Faut-il toujours céder pour éviter la crise ?

Non. Céder au milieu d'une crise apprend que crier ou pleurer permet d'obtenir ce que l'on veut, ce qui multiplie les crises ensuite. L'idée n'est pas de tout refuser, mais de tenir un cadre clair, annoncé à l'avance et prévisible. On prévient, on propose des choix encadrés, on garde deux ou trois règles non négociables et on lâche du lest sur le reste. La constance rassure : un jeune qui sait ce qui va arriver et sur quoi il peut décider a beaucoup moins besoin de tester les limites par la crise.

Mon adolescent se met en colère surtout contre moi, est-ce normal ?

C'est très fréquent. On se retient souvent à l'extérieur — école, activités, regard des autres — ce qui épuise les ressources, puis on relâche là où l'on se sent en sécurité, c'est-à-dire à la maison, avec vous. C'est douloureux à vivre, et c'est paradoxalement un signe de confiance. Pendant la crise, ne répondez pas sur le fond, restez calme, éloignez-vous si besoin, et reparlez au calme ensuite en nommant l'effet ressenti plutôt que l'intention. Si cela vous use, parlez-en : un groupe de parole d'aidants ou votre propre médecin est un vrai soutien.
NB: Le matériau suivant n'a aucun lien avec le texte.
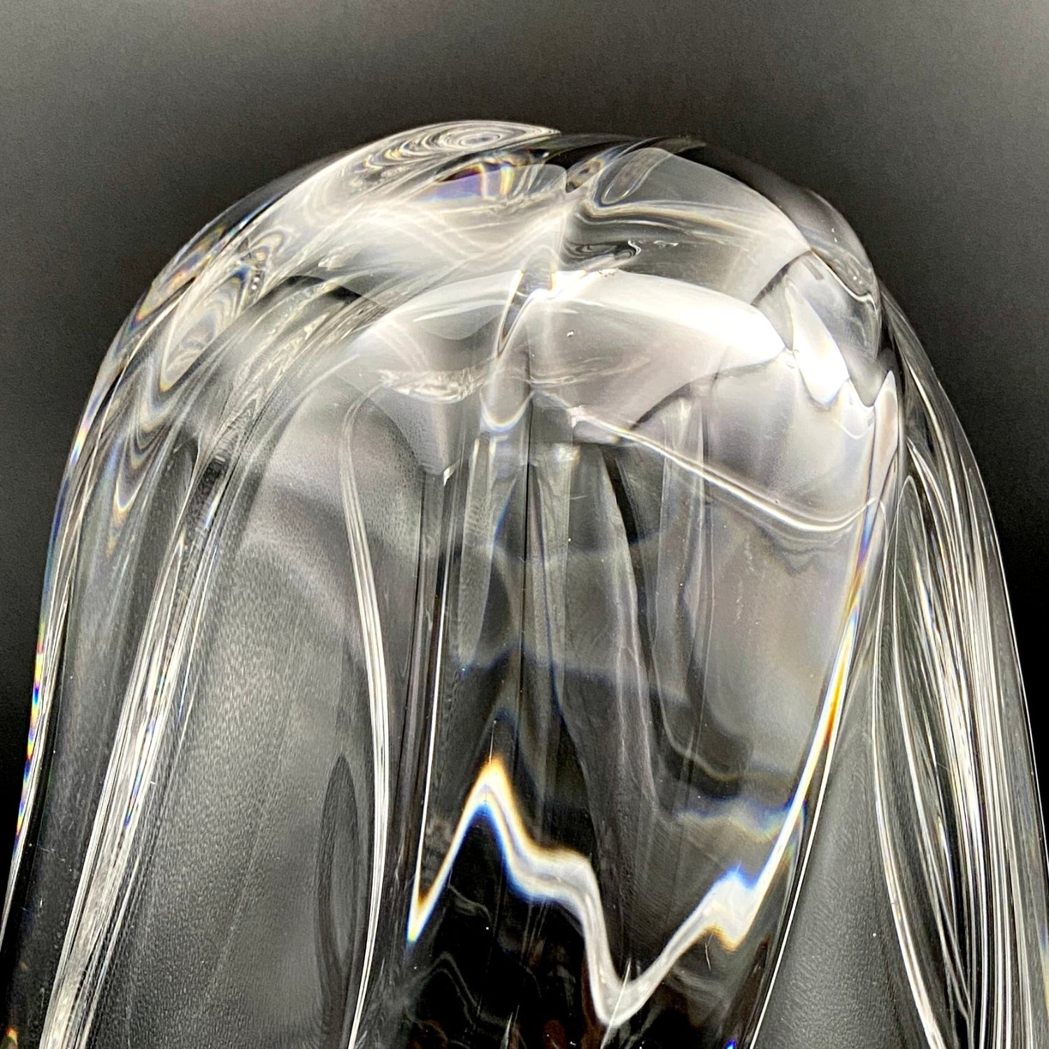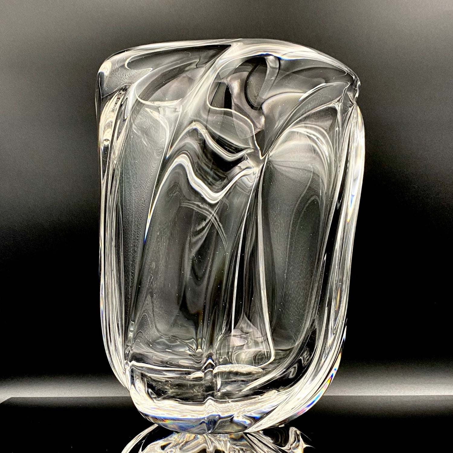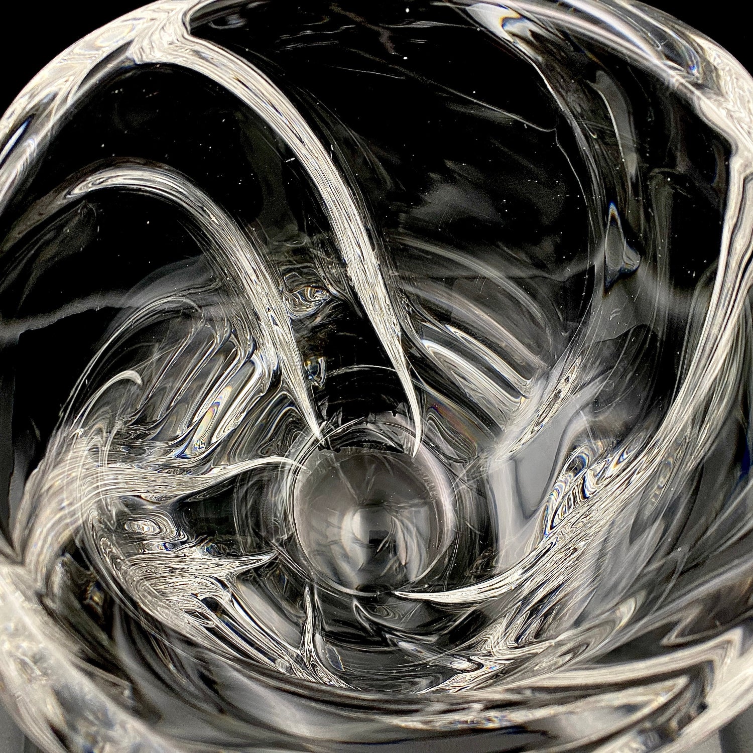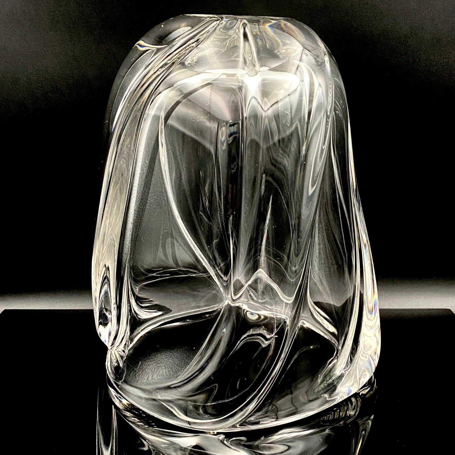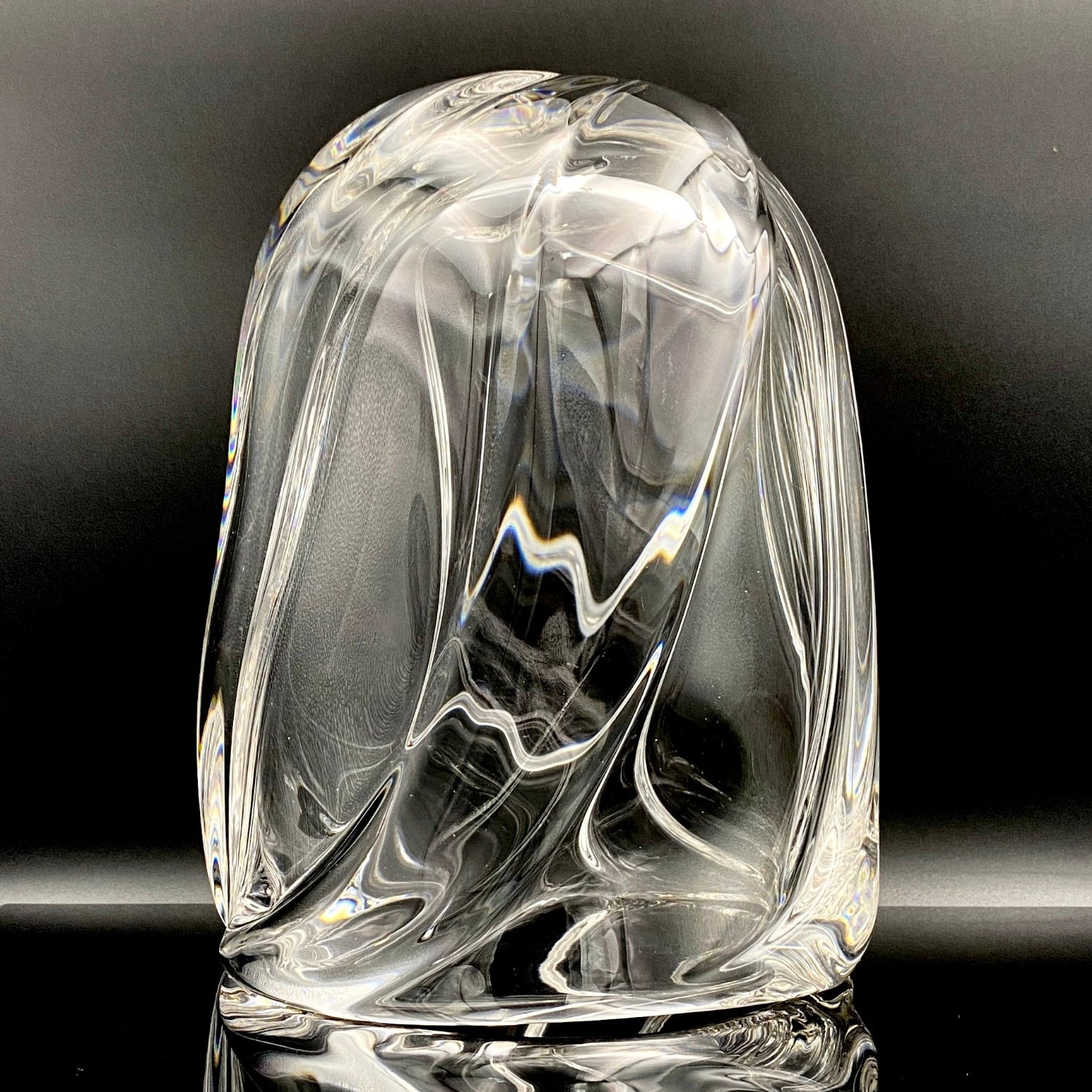 この作品の造形は、まるで勢いよく流れる渓流の水が、一瞬にして硬質なクリスタルになったかのような優美な曲面で構成されています。高さ約27cm、横幅21.5cmの堂々としたサイズでありながら、内部に気泡や不純物をあまり含まない透明度の高さを維持するには、極めて高い技術と繊細な温度管理が必要です。大型かつ純粋なクリスタルガラスの手吹き成形は、冷却過程でヒビや歪みが発生しやすく、成功品の制作難易度が非常に高いため、この作品の稀少性と価値を裏付けています。透明度の高い硝子が内部に深くカーブを描き、見る者に空間の広がりを感じさせます。花器として制作されましたが、内部に大きな氷の塊を入れることで、氷とガラスが一体化したような幻想的なアイスボウルとしてお愉しみいただくことを提案いたします。その優美な流れの中に光と影を映し込み、見れば見るほど吸い込まれるような魅力にあふれる作品です。

Comment l'aider à devenir plus autonome sans le mettre en danger ?

Par l'autonomie graduée. On découpe chaque compétence en étapes franchissables, on entraîne concrètement chaque étape, et on élargit le périmètre une fois qu'elle est maîtrisée. On dit « pas encore » et jamais « jamais ». Pour tout ce qui touche à la sécurité — traverser, rester seul, se déplacer — appuyez-vous sur l'évaluation des professionnels qui le suivent (ergothérapeute, éducateur), dont l'avis objective ce qui est acquis. L'autonomie ne se donne pas d'un coup et ne se refuse pas en bloc : elle se construit marche après marche, à son rythme.
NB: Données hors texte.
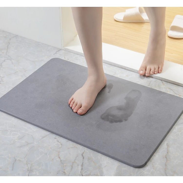 - Không trơn trượt, an toàn cho người già và trẻ nhỏ. Vật liệu Diatomite với những lỗ siêu nhỏ có khả năng tự thấm, hút ẩm siêu nhanh và ngay lập tức giải phóng lượng ẩm này vào không khí.
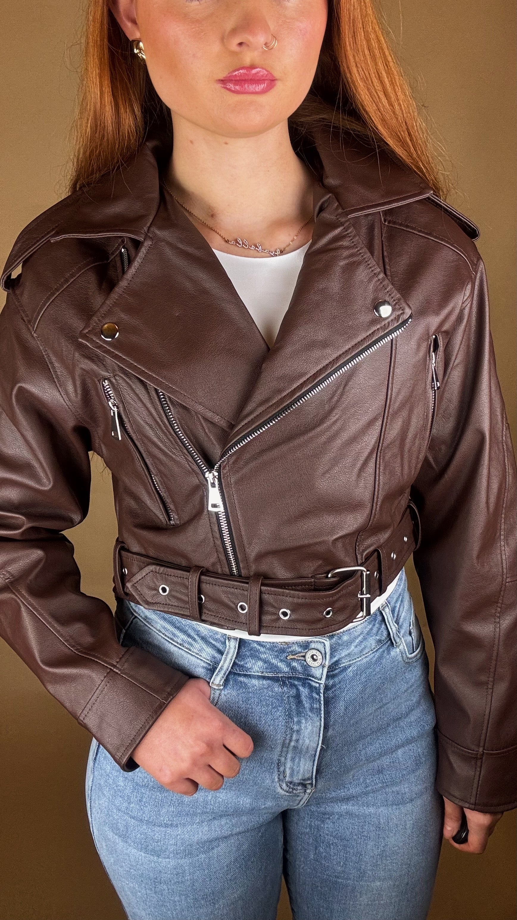 Jade crop Faux Leather Jacket with belt
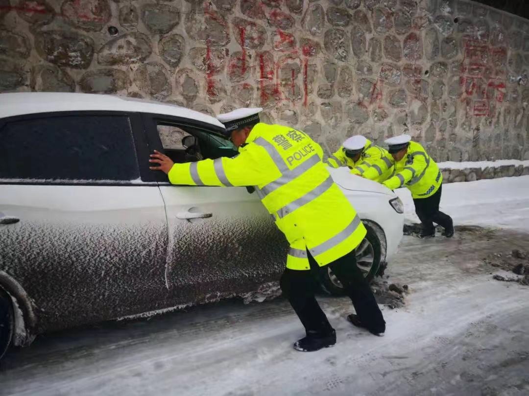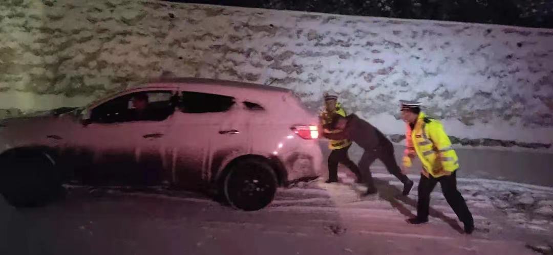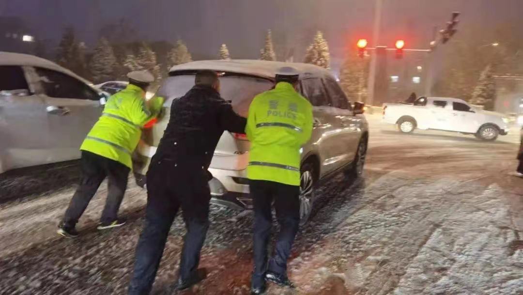 神池縣境內(nèi)夜間道路積雪較厚,澗口坡路段車輛打滑被困,安全股和龍泉中隊執(zhí)勤民輔警協(xié)助推車,全力保障人們出行平安 五寨
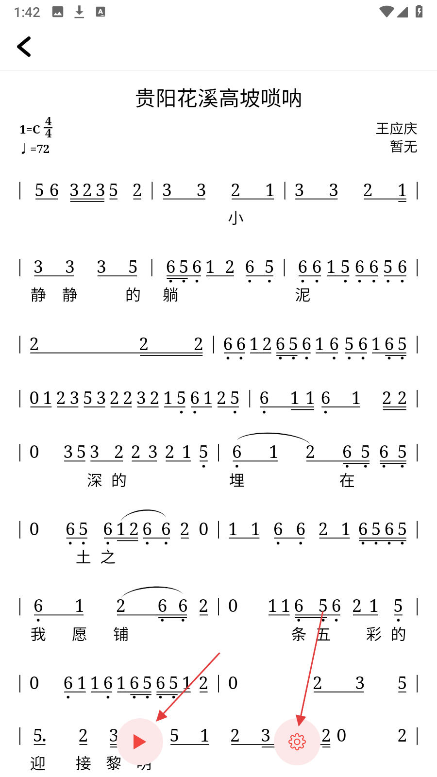 2、在簡譜詳情頁面,點(diǎn)擊底部紅色三角形播放按鈕,可播放簡譜對應(yīng)的音頻或動(dòng)態(tài)演示,點(diǎn)擊齒輪狀設(shè)置按鈕,可展開功能選項(xiàng)。
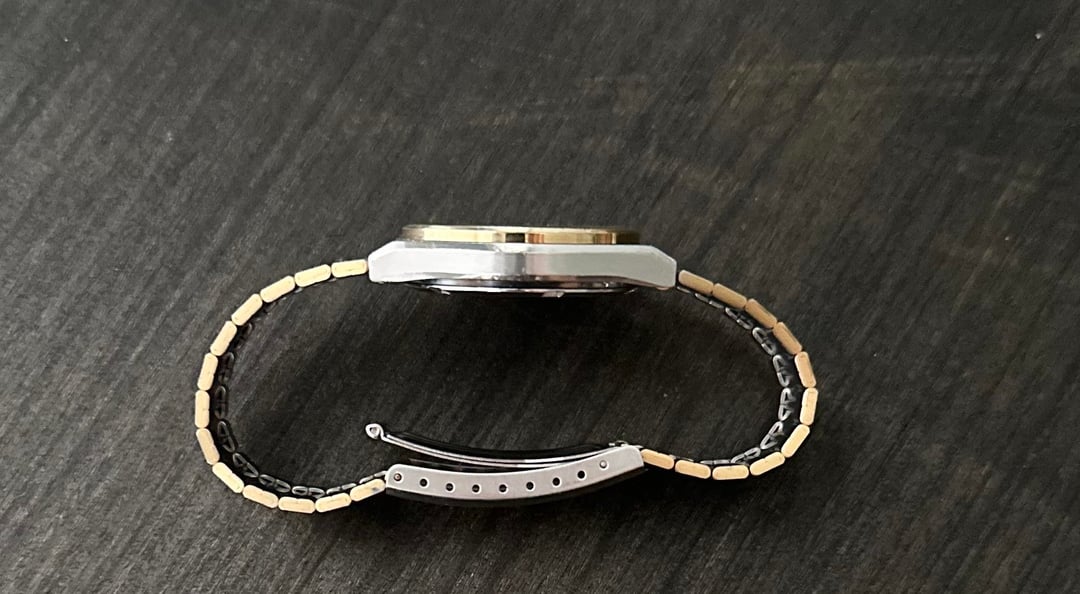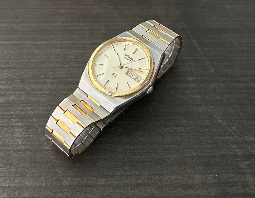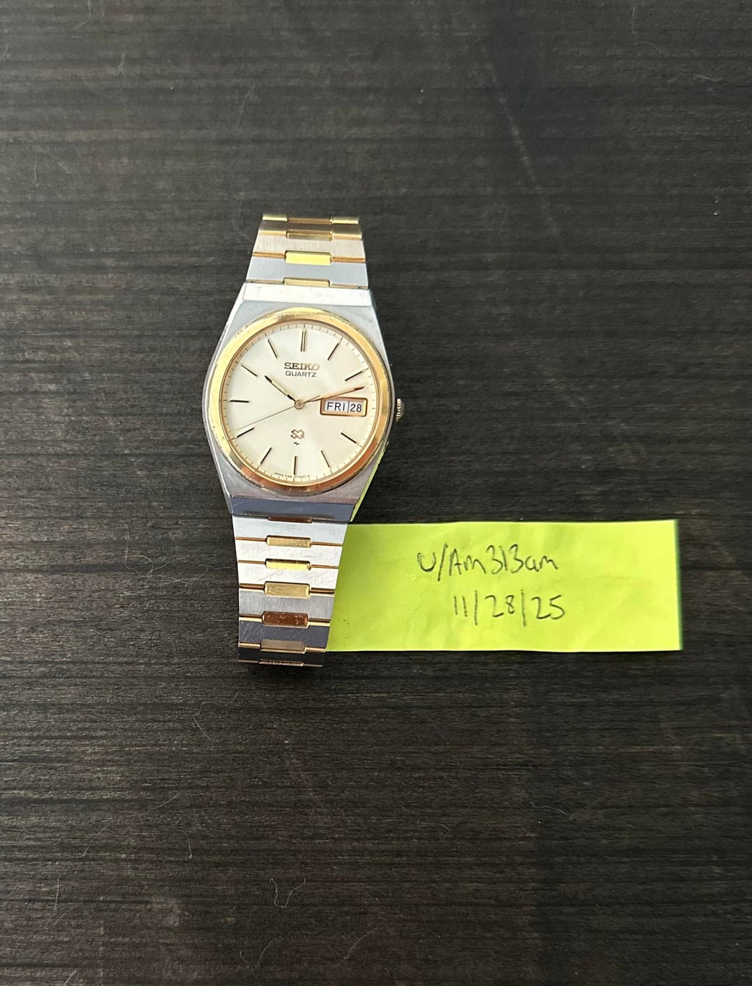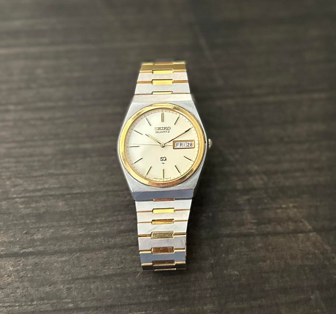 For sale is this awesome vintage Seiko SQ 7126-7000. The 7126 quartz movement features a day/date function and keeps perfect time, and the battery was replaced this month. The dial, hands, and crystal are in perfect condition. The two-tone case and bracelet are in good shape with wear marks typical for its age, as shown in the photos. Case measures 36 mm w/crown and 40 mm lug-to-lug. Crown has a scratch and some wear but is in decent shape. The bracelet is sized for an 8 inch wrist and the clasp has 7 micro adjustment holes. No extra links. Asking $75 which includes CONUS shipping. Prefer Zelle, CashApp, or Venmo. Happy to answer any questions. Thanks for looking!

Quels signes doivent conduire à consulter un professionnel ?

Consultez sans tarder en cas de changement durable de l'humeur ou du comportement : repli qui s'installe, tristesse persistante, perte d'intérêt, troubles du sommeil ou de l'appétit, agressivité nouvelle, régression dans des acquis. Une souffrance qui dure après des moqueries ou une exclusion mérite aussi l'avis d'un psychologue. Cet article donne des repères pour le quotidien, mais il ne remplace ni un diagnostic ni un suivi : le médecin traitant, le pédiatre ou l'équipe qui accompagne votre adolescent restent les interlocuteurs. En cas d'urgence, contactez les services d'urgence de votre pays.

ℹ️ Information et non avis médical

Cet article propose des repères généraux pour accompagner le quotidien. Il ne remplace ni un diagnostic, ni un avis médical, ni une prise en charge spécialisée. Chaque adolescent est unique : pour tout signe de souffrance ou toute question de santé, adressez-vous au médecin, au psychologue ou à l'équipe qui suit votre proche.